# Finding a thermocouple for a Dovre DV400 propane stove



## Sticks garland (Mar 8, 2015)

I heard the company (DOVRE) went out of business and I need to find the thermocouple myself. Does anyone know where to find them? ! Thanks!


----------



## Bioburner (Mar 8, 2015)

It uses a standard thermocouple into a very common controller. Many generic ones. Just take it out and bring to a heating appliance dealer. Great little stove. We like ours and bought it used for $100.
It didn't really go out of business, just not imported by Alladin anymore.


----------



## Heatsource (Mar 9, 2015)

One of the easiest t-couples to replace, Bioburner is correct basic std. you'd find for a hot water heater, etc.
 if I recall correctly you don't even have to open up the firebox....


----------



## Bioburner (Mar 9, 2015)

Yes you have to open the box and remove the logs etc. and unseal the tubes etc of silicone. So a spring cleaning project.
I went through two other Dovres before we ended up with this one. Different sizes and black till this last one came up. How many stoves out there came with a lifetime warranty?
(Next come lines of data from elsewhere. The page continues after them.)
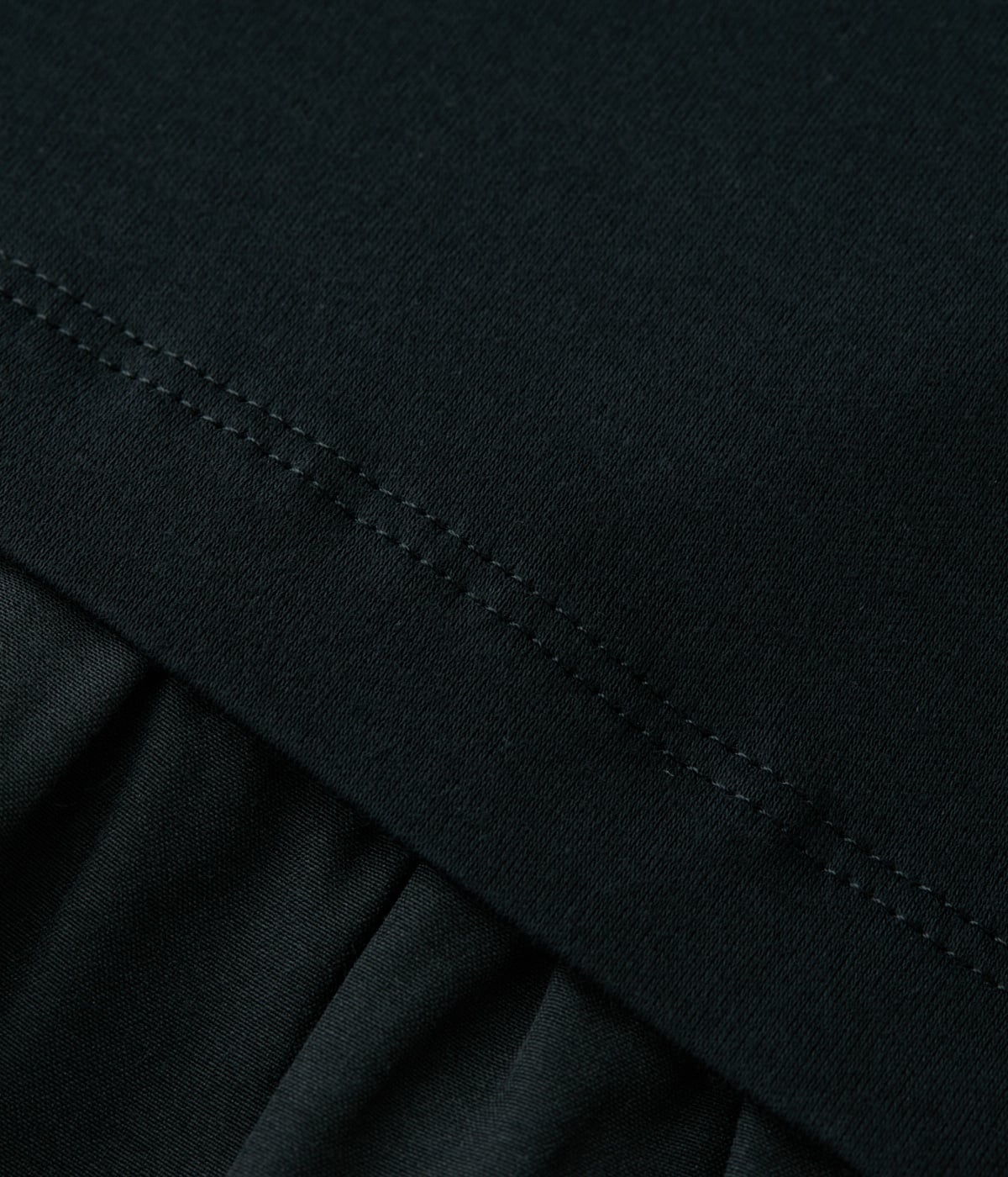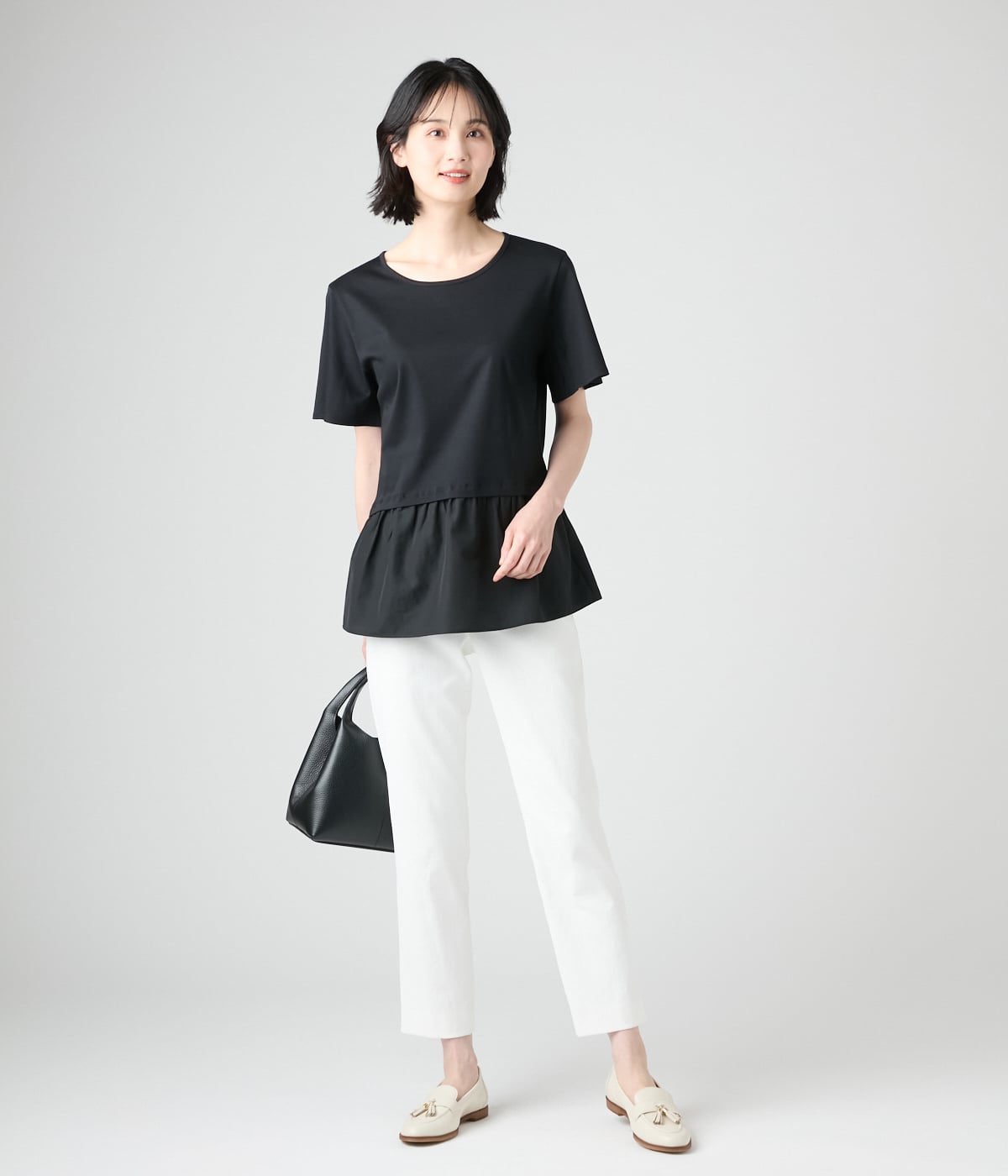 裾がペプラム型になっているデザイン性抜群な半袖カットソープルオーバー。身頃下部分を布帛で切り替えたメリハリのあるシルエットに仕上げました。やや長めの丈はテーパードパンツとの組み合わせがおすすめ。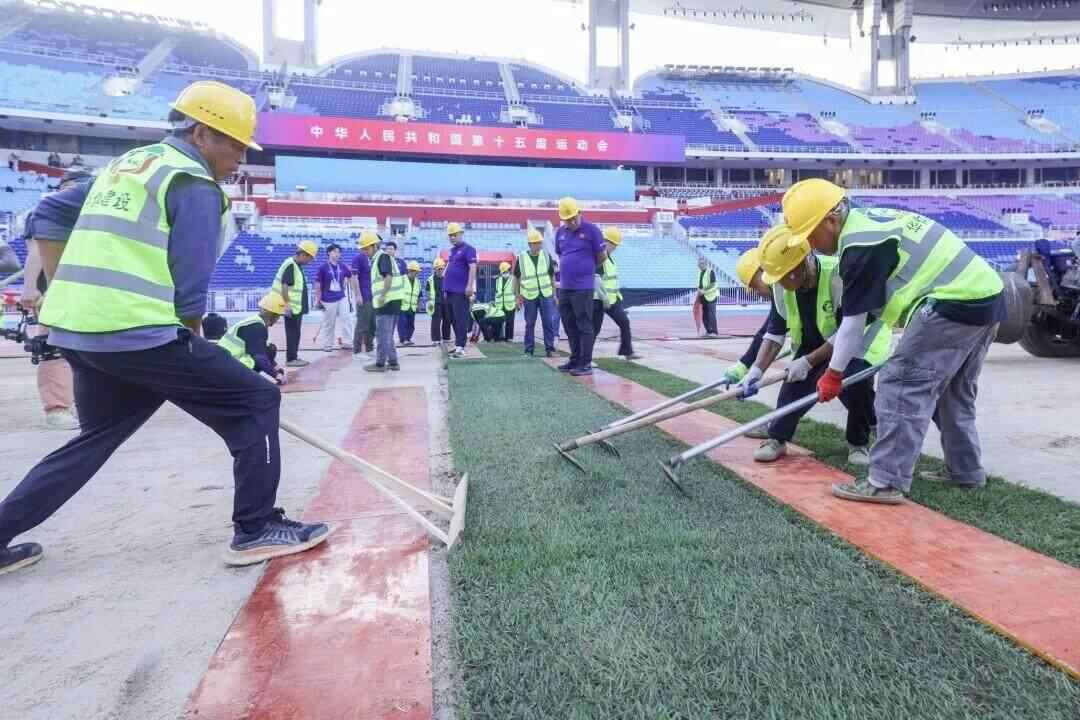 11月11日凌晨5时,随着运动场的草皮铺设完成,广东奥林匹克体育中心转场工作基本完成。十五运会开幕式结束后,广东奥体中心便迅速开启转场,这座承载数万观众观看盛大表演的场馆,拆除舞台搭建转换为赛场设置,迅速变身专业田径赛场,准备迎接11月15日在此举行的田径赛事。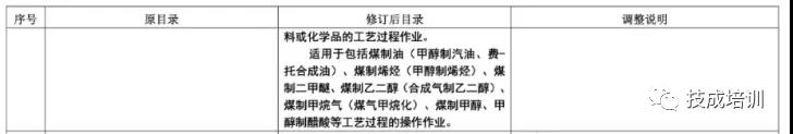增加了“新型煤化工工藝作業(yè)”、“電石生產(chǎn)工藝作業(yè)”、“偶氮化工藝作業(yè)”、“重點監(jiān)管的危險化學品倉儲作業(yè)”這4 個操作項目。
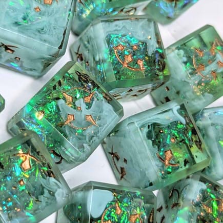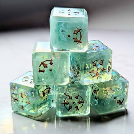Set of 6d6. Teal green dice packed with brightly flashing mylar and swirls of light blue clouds, accented with flashes of gold and copper glitter, inked in copper.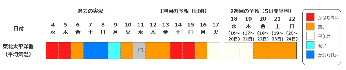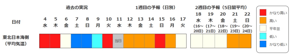 東北地方の向こう2週間の気温は、寒気の影響を受けにくいため高く、15日頃からはかなり高くなる可能性があります。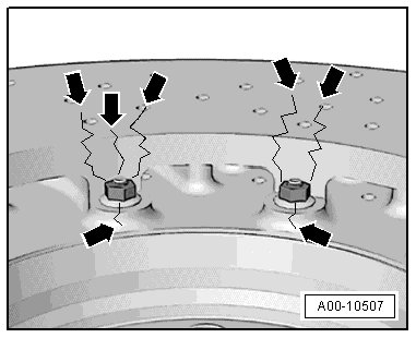 If the ceramic brake disc has cracks near the threaded connectors on the cup leading to the friction surface on the brake disc - arrows -, then the brake discs must be replaced.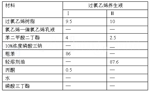 常用塑料薄膜養(yǎng)護劑有氯乙烯—乙烯養(yǎng)護劑和過氯乙烯樹脂塑料薄膜養(yǎng)護劑。前者為市售產(chǎn)品,后者為多種原料現(xiàn)用現(xiàn)配,配合比參考表如下: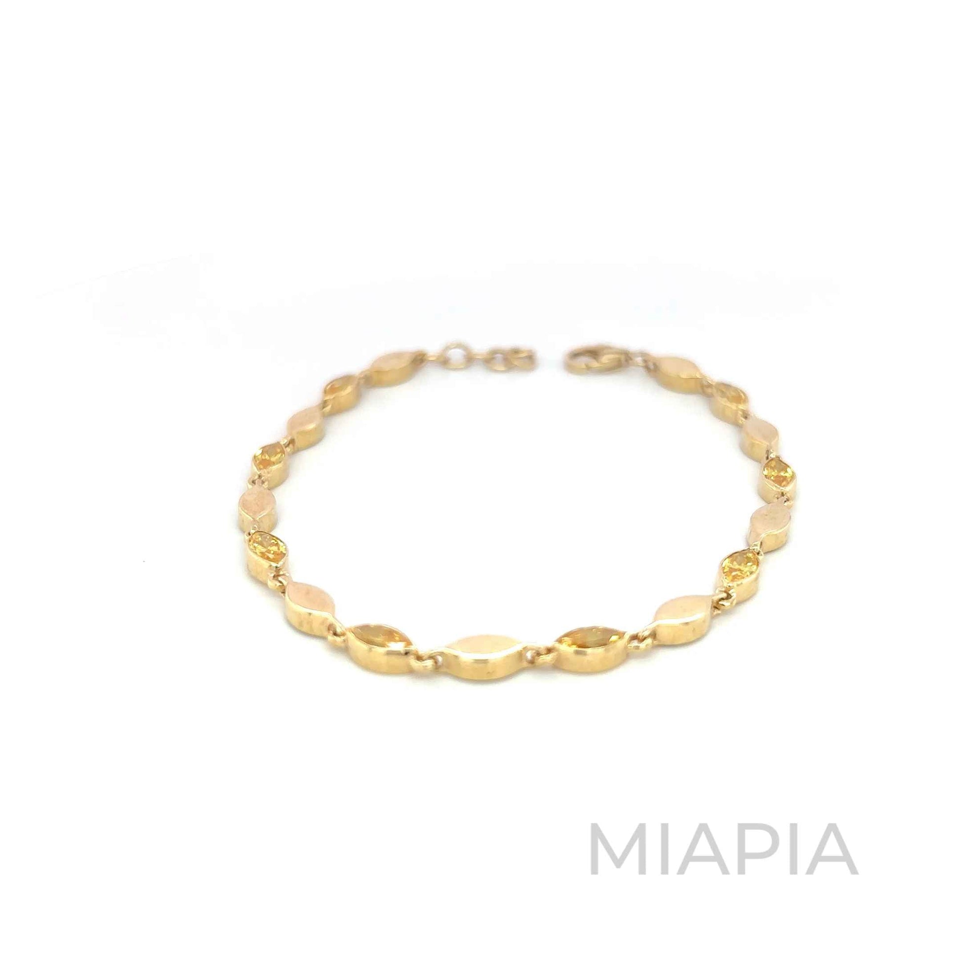 The Gilded Marquise Bracelet by Miapia is a testament to timeless elegance. Featuring an exquisite pattern of alternating polished and yellow marquise-shaped gemstone links, this bracelet is crafted in vermeil gold over sterling silver, exuding sophistication and charm. Its delicate design offers a versatile piece that seamlessly transitions from casual elegance to formal grace. Perfect as a standalone statement or layered with other Miapia creations, this demi-fine treasure will elevate any look with its luxurious simplicity.

To the original owner anyway.


----------



## Heatsource (Mar 10, 2015)

the last dovre i looked at you didn't need to remove the logs, or even open the door to replace the t-couple
maybe it wasn't the 400 model though....


----------



## Bioburner (Mar 10, 2015)

I don't think they have been imported for what about 15+ years? I got another for my Mother as she does not want to burn corn and pellets pretty soon.


----------